Received 30 June 2016; Accepted 28 September 2016

Academic Editor: Ganging Song

Copyright © 2016 Jimeng Li and Jinfeng Zhang. This is an open access article distributed under the Creative Commons Attribution License, which permits unrestricted use, distribution, and reproduction in any medium, provided the original work is properly cited.

Abstract

The structure of mechanical equipment becomes increasingly complex, and tough environments under which it works often make bearings and gears subject to failure. However, effective extraction of useful feature information submerged in strong noise that is indicative of structural defects has remained a major challenge. Therefore, an adaptive multiscale noise control enhanced stochastic resonance (SR) method based on modified ensemble empirical mode decomposition (EEMD) for mechanical fault diagnosis is proposed in the paper. According to the oscillation characteristics of signal itself, the algorithm of modified EEMD can adaptively decompose the fault signals into different scales and it reduces the decomposition levels to improve calculation efficiency of the proposed method. Through filter processing with the constructed filters, the orthogonality of adjacent intrinsic mode functions (IMFs) can be improved, which is conducive to enhancing the extraction of weak features from strong noise.
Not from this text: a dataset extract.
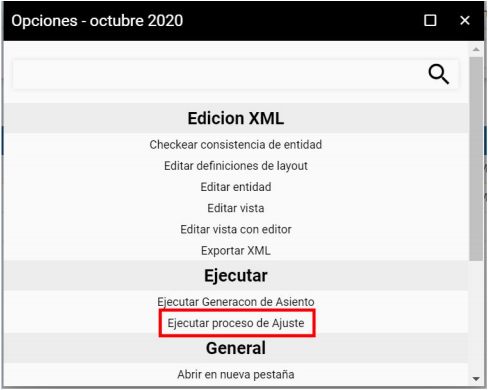 ● Ejercicio contable : Ejercicio contable donde se incluye el periodo a ajustar.

The constructed signal obtained by using IMFs is inputted into the SR system, and the noise control parameter of different scales is optimized and selected with the help of the genetic algorithm, thus achieving the enhancement extraction of weak features. Finally, simulation experiments and engineering application of bearing fault diagnosis demonstrate the effectiveness and feasibility of the proposed method.